To address these issues, this paper proposes a motion-capture and model-driven system for keypoint detection based on the collaboration of multiple edge-computing devices. In this system, lightweight convolutional neural networks are deployed on multiple edge devices, each independently performing real-time keypoint detection for the human body, hands, and face. A central controller then integrates the data and drives the model, thereby enabling task offloading [6] from the central node to edge devices and decoupling different functional components.
1.2. Overall system design and workflow
The system consists of the following main modules: Human Information Capture and Processing Edge Module: Responsible for acquiring human body image data and performing keypoint detection.Facial Information Capture and Processing Edge Module: Responsible for acquiring facial image data and performing keypoint detection. Hand Information Capture and Processing Edge Module: Responsible for acquiring hand image data and performing keypoint detection. Network Information Exchange Module: Handles data transmission between edge devices and the central controller. Model-Driven Central Control Module: Responsible for receiving and integrating keypoint data from all components and driving the articulated model.
Each edge-computing capture and processing module first acquires the target’s image data and performs keypoint detection, converting keypoints into two-dimensional coordinate data. The 2D coordinates of each body part are then packaged into JSON data packets and transmitted via the TCP protocol to the Network Information Exchange Module. The Network Information Exchange Module continuously monitors the ports of the edge devices in real time, receives the data packets, and parses their contents to extract information such as device ID, timestamp, keypoint names, and 2D coordinates. It then integrates the information from all data packets and repackages them into a unified JSON data packet, which serves as the data source for the Model-Driven Central Control Module. The Model-Driven Central Control Module reads the unified data packet and polls for updates. The retrieved 2D coordinates are mapped, via scripts, to the coordinate system of a Blender scene. Through axis remapping, the Y-axis data of the 2D coordinates is reassigned to the Z-axis, and the original X-axis data is reassigned to the Y-axis, thereby achieving a more intuitive perspective: observing the Z–Y plane from the positive half-axis of the X-axis. The system framework is shown in Figure 1, which illustrates the data flow and interactions among the modules.

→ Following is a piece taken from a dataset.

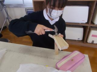 かなづちでくぎを打って、自分の好きなものを作ります。

2. Design of functional modules
2.1. Selection of edge-computing devices
In this design, the edge-computing devices are required to capture image data; locally deploy convolutional neural networks for object detection to process the input images in real time; process the extracted keypoint information and package it into a readable format; transmit the packaged keypoint data over the network to the model-driven central control module; and, where possible, minimize the use of computer I/O resources.
The MaixCAM-Pro employs the Sipeed SG2002 processor, which integrates a 1 GHz RISC-V C906 core, a 1 GHz ARM Cortex-A53 core, and a 700 MHz RISC-V C906 core. In addition, the SG2002 includes an NPU core with a computational capacity of 1 TOPS at INT8 precision, capable of deploying common models such as YOLO. Its onboard Wi-Fi 6 module supports wireless LAN file transfer. The device is compatible with the MaixPy Python development package, MaixVision IDE, and MaixHub, offering comprehensive documentation and ecosystem support that facilitate efficient model training and deployment. Given the practical requirements of model deployment and data transmission, the MaixCAM-Pro is a reasonable choice.
2.2. Edge modules for capturing and processing human, facial, and hand information
To enable convenient system deployment and ensure real-time inference, the system adopts several mature solutions to handle keypoint detection for different components.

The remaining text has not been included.